Comparing Metric Criteria

We could try using a third dimension to improve the fidelity of the visualization, because with more degrees of freedom, the fit should improve. We can also try a different criterion. Two other popular metric criteria are known as Sammon Mapping and squared stress ("sstress"). Each leads to a different solution, and one or the other might be more useful in visualizing the original dissimilarities.

Y2 = mdscale(dissimilarities,2, 'criterion','sammon');
distances2 = pdist(Y2);
Y3 = mdscale(dissimilarities,2, 'criterion','metricsstress');
distances3 = pdist(Y3);

A Shepard plot shows the differences in the three solutions so far.

plot(dissimilarities,distances1,'bo', ...
     dissimilarities,distances2,'r+', ...
     dissimilarities,distances3,'g^', ...
     [0 200],[0 200],'k--');
xlabel('Dissimilarities')
ylabel('Distances')
legend({'Stress', 'Sammon Mapping', 'Squared Stress'}, 'Location','NorthWest');

Notice that at the largest dissimilarity values, the scatter for the squared stress criterion tends to be closer to the 1:1 line than for the other two criteria. Thus, for these data, squared stress is somewhat better at preserving the largest dissimilarities, although it badly understates some of those. At smaller dissimilarity values, the scatter for the Sammon Mapping criterion tends to be somewhat closer to the 1:1 line than for the other two criteria. Thus, Sammon Mapping is a little better at preserving small dissimilarities. Stress is somewhere in between. All three criteria show a certain amount of nonlinearity, indicating that metric scaling may not be suitable. However, the choice of criterion depends on the goal of the visualization.

Nonmetric Scaling

Nonmetric scaling is a second form of MDS that has a slightly less ambitious goal than metric scaling. Instead of attempting to create a configuration of points for which the pairwise distances approximate the original dissimilarities, nonmetric MDS attempts only to approximate the ranks of the dissimilarities. Another way of saying this is that nonmetric MDS creates a configuration of points whose interpoint distances approximate a monotonic transformation of the original dissimilarities.

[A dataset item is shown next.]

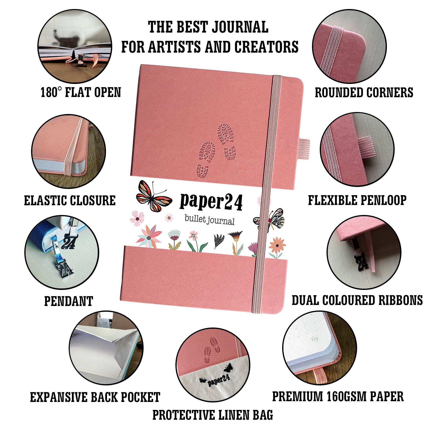 De Paper24 Bullet Journal heeft 160 grams, dotted (puntjes), hagelwit papier. Dé droom van iedere bullet journal fan. De bullet journal is handgebonden zodat het perfect open blijft liggen. Ideaal om je creatie te fotograferen en te posten op social media.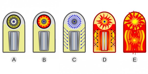 Начинается всё с первой ступени — так называемого триггера. Это простой атомный заряд (ну, может не совсем простой), а в нём уже всё стартует одновременным подрывом заряда обычной взрывчатки, хитрым образом обёрнутого вокруг делящегося вещества.

The practical use of such a construction is that large interpoint distances correspond to large dissimilarities, and small interpoint distances to small dissimilarities. This is often sufficient to convey the relationships among the items or categories being studied.

First, we'll create a configuration of points in 2D. Nonmetric scaling with Kruskal's nonmetric stress criterion is the default for mdscale.

[Y,stress,disparities] = mdscale(dissimilarities,2);
stress

stress = 0.1800

The second output of mdscale is the value of the criterion being used, as a measure of how well the solution recreates the dissimilarities. Smaller values indicate a better fit. The stress for this configuration, about 18%, is considered poor to fair for the nonmetric stress criterion. The ranges of acceptable criterion values differ for the different criteria.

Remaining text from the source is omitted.